Fenix - create a speculative connection to the app link host
Categories
(Core :: Networking, enhancement, P2)
Tracking
()
People
(Reporter: acreskey, Assigned: acreskey)
References
(Depends on 1 open bug, Blocks 4 open bugs)
Details
(Whiteboard: [necko-triaged])
Attachments
(3 files)
In profiling the Fenix applink startup test we see that we only start loading the applink URL after ContentParent::CreateBrowser() is run and we've loaded chrome://geckoview/content/geckoview.xhtml
But this can be over a second after other network requests have started loading (location services, telemetry, etc).
https://share.firefox.dev/420hq4z
One remedy is to initiate a speculative connection to the applink host before we initialize the browser.
In the above profile (~100ms of network latency), the savings from TCP + TLS would be over 500ms.
(The code change likely won't be in Necko, so we will have to move this bug)
| Assignee | ||
Updated•5 months ago
|
Comment 1•5 months ago
|
||
This may be an S2, 500ms for applink is Huge
| Assignee | ||
Comment 2•5 months ago
|
||
Experiment: create speculative connection from Fenix layer
| Assignee | ||
Comment 3•5 months ago
|
||
Based on the idea (and code :) in Bug 1880491 (Warm up DNS on android Intent invocation) I prototyped this and will evaluate it asap.
| Assignee | ||
Comment 4•5 months ago
|
||
From profiling the WIP patch, comment #2, so far the new speculative connection also appears to be executed very late and is not yet providing benefit.
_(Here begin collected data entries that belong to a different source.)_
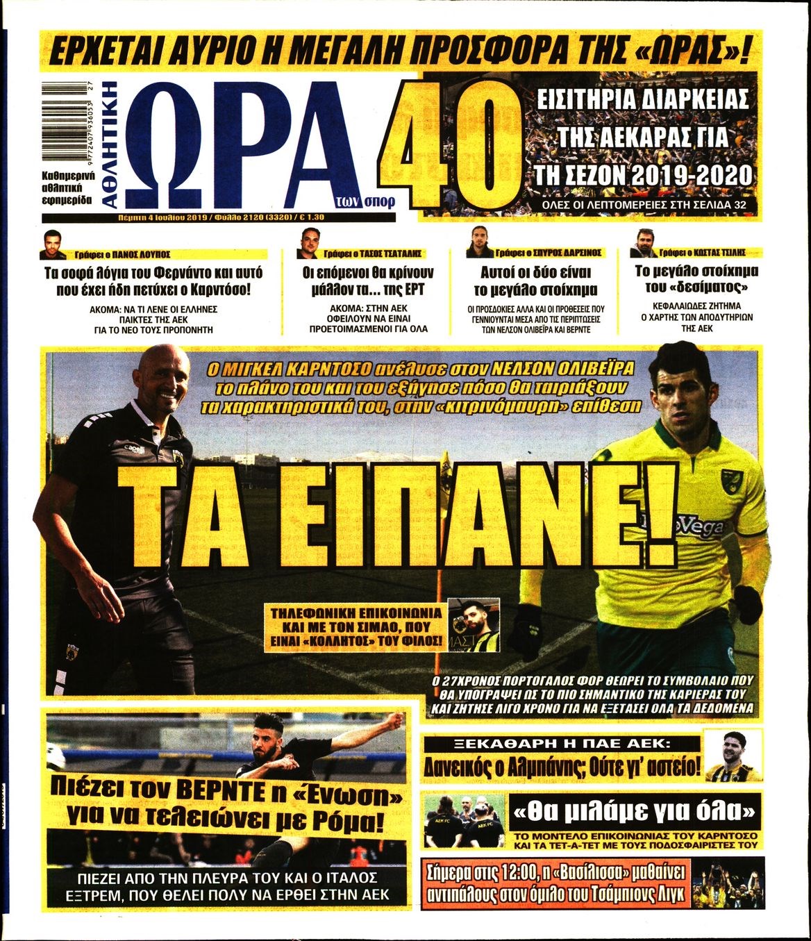 Οι αθλητικές εφημερίδες 4/7/19 Διονύσης Νίκκας 06:54, Πέμπτη 04 Ιουλίου 2019 Media Διαβάστε τα πρωτοσέλιδα των αθλητικών εφημερίδων : ΑΘΛΗΤΙΚΕΣ ΕΦΗΜΕΡΙΔΕΣ ΠΡΩΤΟΣΕΛΙΔΑ Μοιράσου το: σχολίασε κι εσύ (0 σχόλια) Ακολουθήστε το enikos.gr στο Google News και μάθετε πρώτοι όλες τις ειδήσεις Δείτε όλες τις τελευταίες ειδήσεις από την Ελλάδα και τον Κόσμο στο enikos.gr Ειδήσεις Ροή Ειδήσεων 4 ώρες πριν Μεσόγειος: Η διαδρομή του ρωσικού τάνκερ «Qendil» και η στοχευμένη επίθεση της Ουκρανίας με drone – Ο Πούτιν προειδοποίησε για αντίποινα 44 λεπτά πριν Αγρότες: Έκλεισαν για μία ώρα την παρακαμπτήρια της Ιόνιας Οδού στη θέση Χαλίκι 2 ώρες πριν Εμπλοκή και αερομαχίες με οπλισμένα τουρκικά F-16 στο Αιγαίο 2 ώρες πριν Πούτιν: «Ναι, είμαι ερωτευμένος» – Βίντεο από τη σπάνια προσωπική παραδοχή του 48 λεπτά πριν Ανδρέας Λυκουρέντζος: Υπέβαλε την παραίτησή του ο πρόεδρος του ΕΛΓΑ, αλλά δεν έγινε δεκτή – Όλο το παρασκήνιο 58 λεπτά πριν Αριθμολογία: Οι άνθρωποι που έχουν γεννηθεί αυτές τις 4 ημερομηνίες, συχνά παρεξηγούνται – «Η καλοσύνη τους κρύβει τεράστια δύναμη» 3 ώρες πριν Μήπως έχετε χάσει τον εαυτό σας στη σχέση σας; 7 «αθόρυβες» υποχωρήσεις που μάλλον κάνατε, χωρίς να το συνειδητοποιήσετε 2 ώρες πριν Ξεχάστε το καθάρισμα το Σαββατοκύριακο: Ο «κανόνας των 20 λεπτών» που θα σας λύσει τα χέρια 5 ώρες πριν Κουίζ για την παλιά Αθήνα: Αναγνωρίζετε την περιοχή; Έχετε περάσει 100% από εκεί 3 λεπτά πριν ΕΕ: «Κάποια στιγμή θα χρησιμοποιήσουμε τα ρωσικά περιουσιακά στοιχεία» δήλωσε ο πρόεδρος του ΕΛΚ 7 λεπτά πριν Conference League: Καλύτερη επίθεση η ΑΕΚ στη διοργάνωση και 2η σε προσπάθειες στην εστία – Ξεχωρίζουν Πινέδα, Ελίασον και Ρότα 9 λεπτά πριν Έγκυος η Άννα Κορακάκη: «Η οικογένειά μας μεγαλώνει…» – Η αποκάλυψη για το φύλο του μωρού 16 λεπτά πριν Τραγωδία στο Βελεστίνο: Πέθανε ο αντιδήμαρχος Γιάννης Παπαϊωάννου 20 λεπτά πριν Ολυμπιακός – Βιλερμπάν: Μάτωσε στο πρόσωπο ο Παπανικολάου έπειτα από αγκωνιά του Βοτιέ – ΦΩΤΟ ENIKOS NETWORK Το ΕΚΑΒ τιμήθηκε από την Ακαδημία Αθηνών για τα 40 χρόνια προσφοράς του Έχετε πραγματικά μεγάλη καρδιά; 10 χαρακτηριστικά όσων έχουν καλοσύνη Έρχονται νέες προσλήψεις σε Δήμο – Όλες οι λεπτομέρειες Επίδομα παιδιού: Πότε ανοίγει ξανά η πλατφόρμα για τις αιτήσεις Χαρτογραφώντας το «σημείο χωρίς επιστροφή»: Για πρώτη φορά αποκαλύπτεται με λεπτομέρεια το ακανθώδες όριο της ατμόσφαιρας τ... Η Google καταργεί τη λειτουργία «dark web report» – Πώς θα μπορούν οι χρήστες να διαγράφουν τα δεδομένα τους περισσότερα 20:37 , Παρασκευή 19 Δεκεμβρίου 2025 Don’t Forget The Lyrics: Η Έλλη Κοκκίνου υποδέχεται 4 παίκτες που θα κάνουν τα πάντα για να μη χάσουν ούτε… μισή λέξη από τους στίχους Το «Don’t Forget The Lyrics» επιστρέφει απόψε, Παρασκευή 19 Δεκεμβρίου, στις 21:00 με νέο επει... 19:31 , Παρασκευή 19 Δεκεμβρίου 2025 GNTM: Απόψε ο μεγάλος τελικός για τους 4 φιναλίστ Έπειτα από μήνες γεμάτους μόδα, δημιουργία και έντονες αναμετρήσεις, το GNTM 2025 κορυφώνεται,... 18:11 , Παρασκευή 19 Δεκεμβρίου 2025 Το σόι σου: Ο Άρης έρχεται στην Ελλάδα για τις γιορτές των Χριστουγέννων – Τι θα δούμε στο αποψινό εορταστικό επεισόδιο Ένα απολαυστικό, εορταστικό επεισόδιο της σειράς “Το σόι σου”, γεμάτο ευτράπελα αλ... 15:15 , Παρασκευή 19 Δεκεμβρίου 2025 Την Κυριακή με τη Realnews: Ό,τι και αν αγοράσεις, σκανάρεις και κερδίζεις! Την Κυριακή με τη Realnews: Ό,τι και αν αγοράσεις, σκανάρεις και κερδίζεις! Με το PADU app, το... ΤΕΛΕΥΤΑΙΕΣ ΕΙΔΗΣΕΙΣ 3 λεπτά πριν ΕΕ: «Κάποια στιγμή θα χρησιμοποιήσο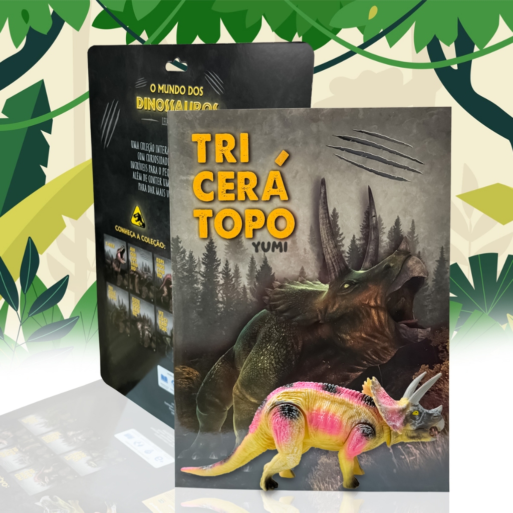 Livro Mundo Dos Dinossauros + Dinossauro Brinquedo Tricerátopo Tricerátops Colecionável Articulado E Realista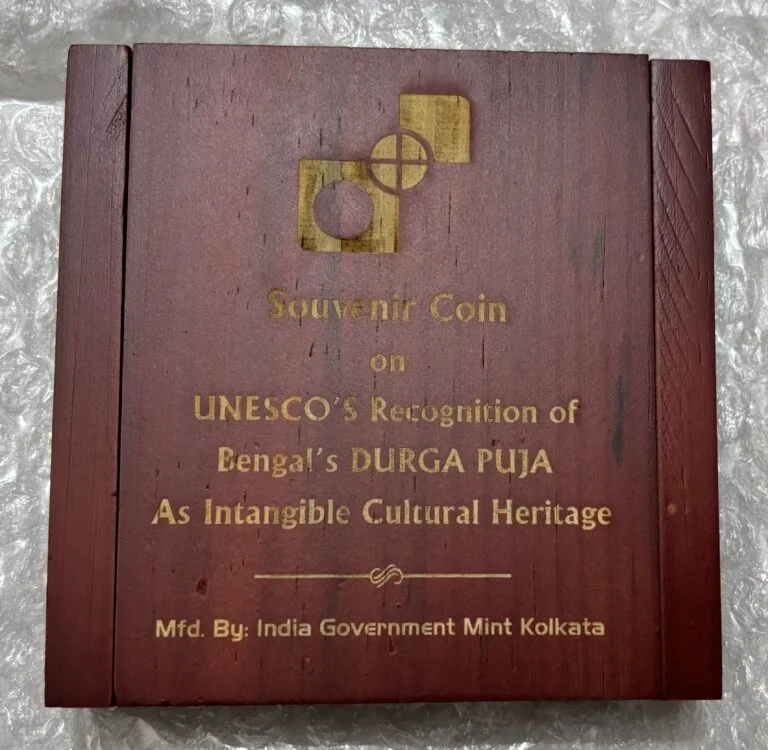 This commemorative coin celebrates UNESCO’s recognition of Bengal’s Durga Puja as Intangible Cultural Heritage. Issued by the India Government Mint Kolkata, it features the iconic image of Goddess Durga and symbolizes the cultural pride and tradition of Bengal’s most famous festival. Ideal for collectors and those honoring India’s rich heritage.

https://share.firefox.dev/4hVZOwS
Updated•5 months ago
|
| Assignee | ||
Updated•4 months ago
|
Comment 5•3 months ago
|
||
After changing the attached patch to also pass engine = engine where we create the TabIntentProcessor, the patch indeed works! Here's a profile showing the speculative connection: https://share.firefox.dev/3SurNJr
| Assignee | ||
Comment 6•3 months ago
|
||
(In reply to Markus Stange [:mstange] from comment #5)
After changing the attached patch to also pass
engine = enginewhere we create the TabIntentProcessor, the patch indeed works! Here's a profile showing the speculative connection: https://share.firefox.dev/3SurNJr
Thanks for profiling this!
I'll measure the impact on the shopify test locally.
From a perf compare I didn't see any improvements in CI, but I will look more closely now that I know it's working.
| Assignee | ||
Comment 7•3 months ago
|
||
From a local profile of the shopify startup test, I can see the speculative connection being initiated about 1 second before the actual load:
https://share.firefox.dev/4k5uME3
However in the network request for the https://theme-crave-demo.myshopify.com/ load I'm not seeing the preconnect.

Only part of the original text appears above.